» EXERCISE:
From the first line of the entries below through the line bearing "X570チップセット搭載のMSI製「MEG X570 ACE」をそれぞれ使用している。それ以外のテスト環境は表のとおり。", write out each line exactly. Omit pictures.

[Extracted records]
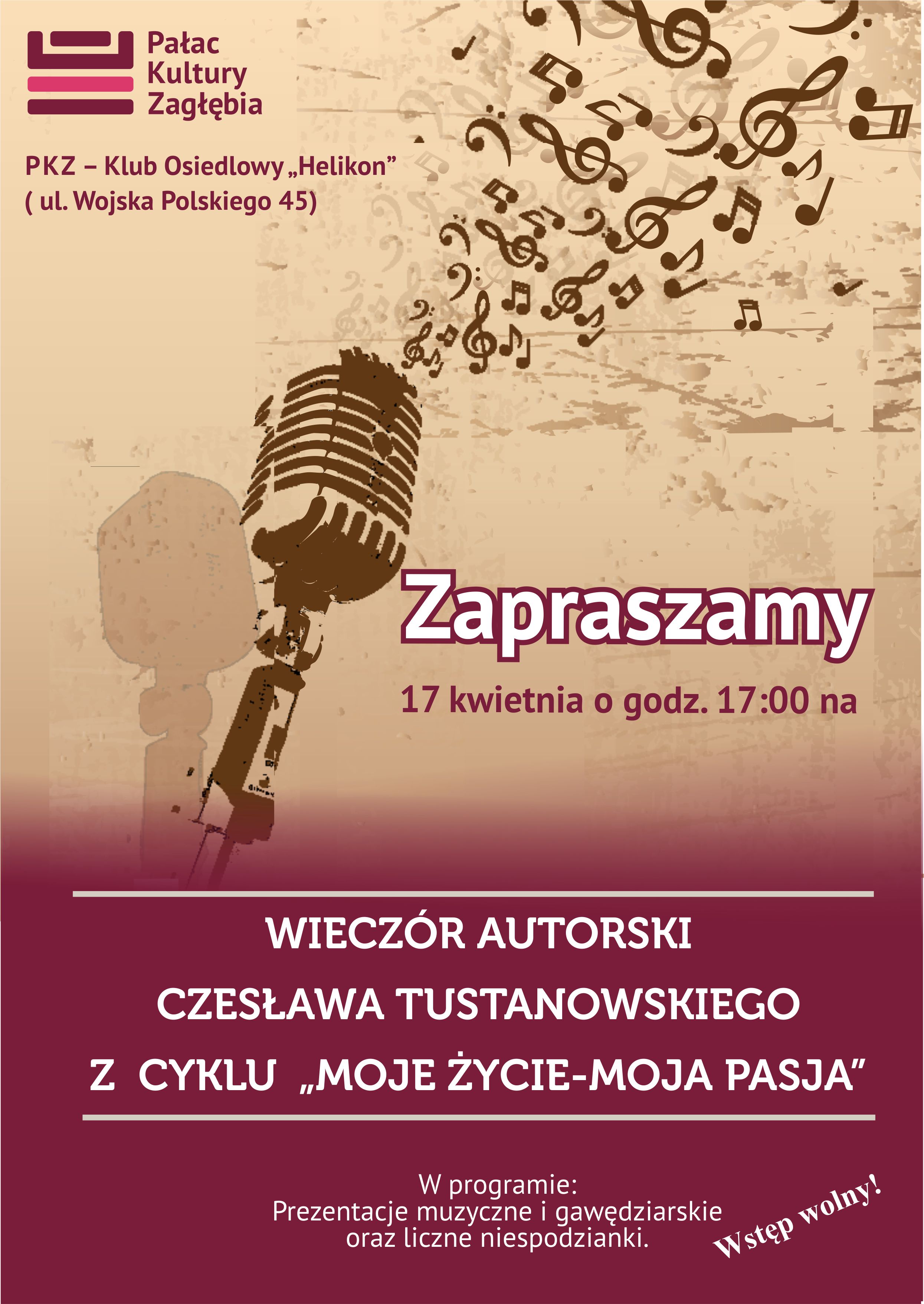 Serdecznie zapraszamy 17 kwietnia 2015 r.do Klubu Osiedlowego Helikon na wieczór autorski Czesława Tustanowskiego.
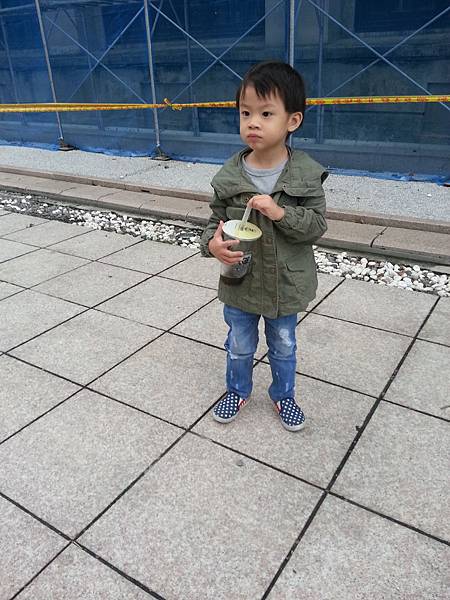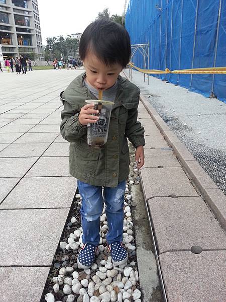 小屁孩手上拿的是在黑面菜楊桃汁買的蜂蜜紅茶+珍珠,
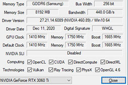グラフィックスドライバには「GeForce 460.89 Driver」を利用。これは,テスト時に最新バージョンとなるものだ。また,RTX 3060 TiはPCI Express 4.0(以下,PCIe 4.0)に対応しているため,CPUに「Ryzen 9 5950X」を,マザーボードにAMD X570チップセット搭載のMSI製「MEG X570 ACE」をそれぞれ使用している。それ以外のテスト環境は表のとおり。
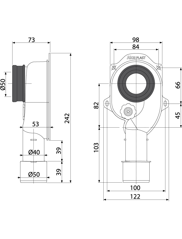 Сервисное отверстие для легкой чистки Вертикальный слив Подключение к сливной трубе 40/50 мм Подключение к писсуару 50 мм Монтажный отступ для подключения стока HT50 Материал - полипропилен
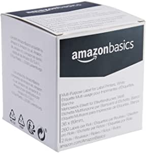 AmazonBasics – Многофункционални етикети за етикетни принтери, бели, 36 mm x 89 mm, 260 етикета на ролка, 2 ролки
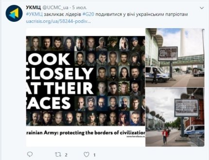 Під час саміту G20 7-8 липня в Гамбурзі УКМЦ встановив великий рекламний щит в 10 метрах від офіційного входу на саміт, щоб нагадати світовим лідерам про війну на сході України. На щиті були зображені героїчні обличчя бійців АТО, добровольців і медиків України, які захищають країну від російської агресії.
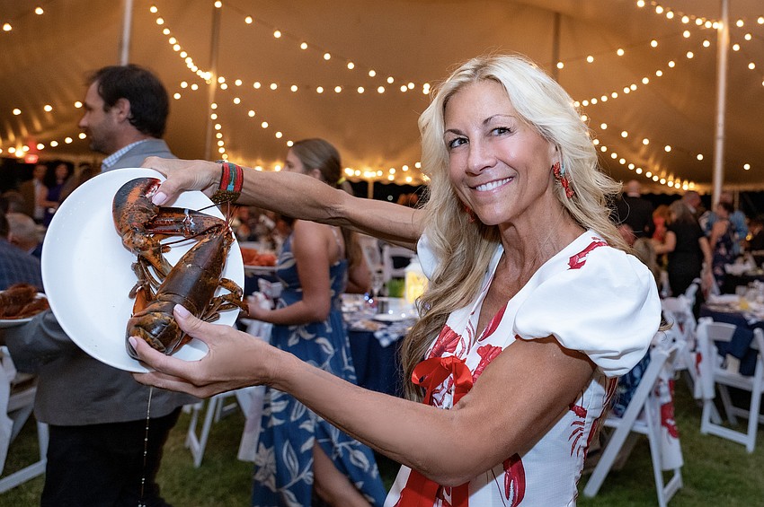 Gretchen Bauer shows off her lobster at the New College Clambake Nov. 6.
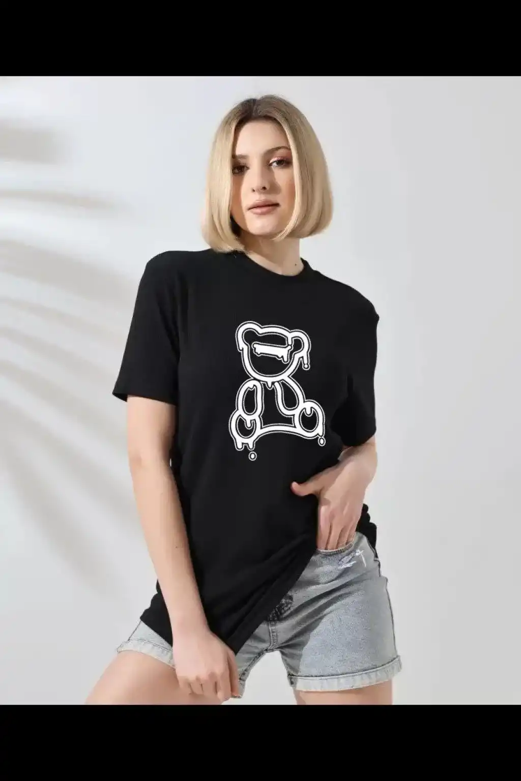 [Günlük T-Shirt] Hafif Kadın Günlük T-Shirt | Bol Kesim, Kısa Kollu, Yuvarlak Yaka, Eğlenceli Karikatür Ayı ve "Umrumda Değil" Baskı - Günlük Stil, İlkbahar/Yaz- Siyah
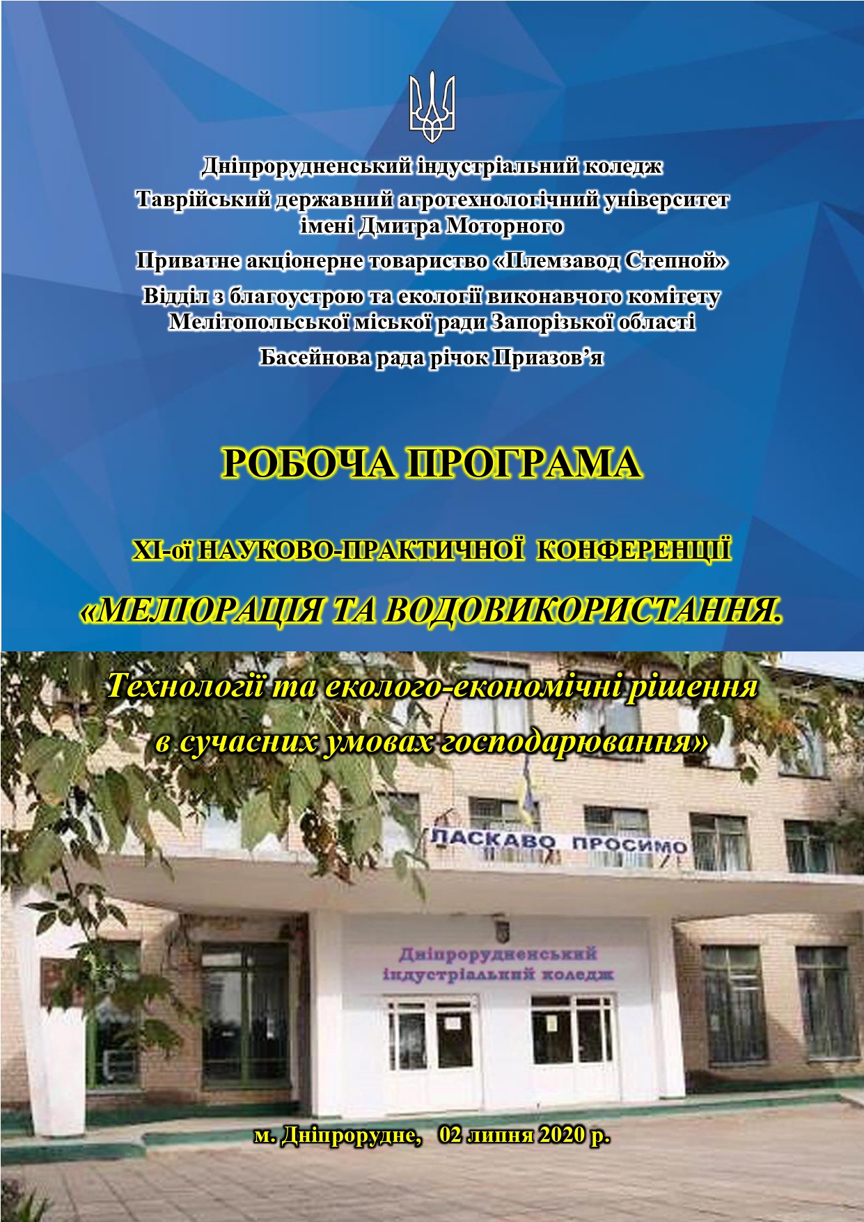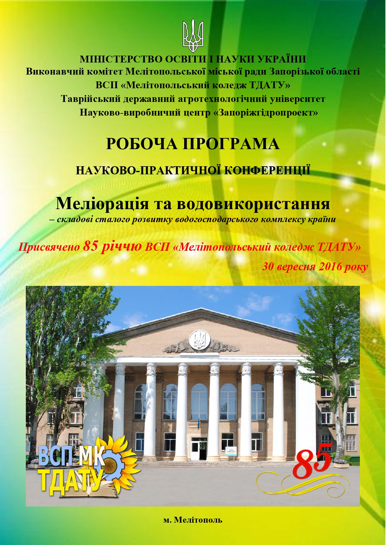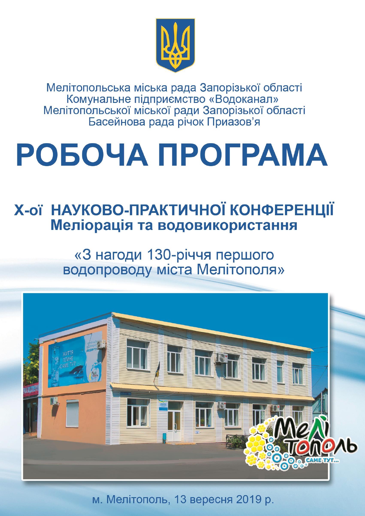Робоча програма Х-ої науково-практичної конференції Меліорація та водовикористання “З нагоди 130-річчя першого водоводу міста Мелітополя”

» YOUR SOLUTION:
 Serdecznie zapraszamy 17 kwietnia 2015 r.do Klubu Osiedlowego Helikon na wieczór autorski Czesława Tustanowskiego.
 小屁孩手上拿的是在黑面菜楊桃汁買的蜂蜜紅茶+珍珠,
グラフィックスドライバには「GeForce 460.89 Driver」を利用。これは,テスト時に最新バージョンとなるものだ。また,RTX 3060 TiはPCI Express 4.0(以下,PCIe 4.0)に対応しているため,CPUに「Ryzen 9 5950X」を,マザーボードにAMD X570チップセット搭載のMSI製「MEG X570 ACE」をそれぞれ使用している。それ以外のテスト環境は表のとおり。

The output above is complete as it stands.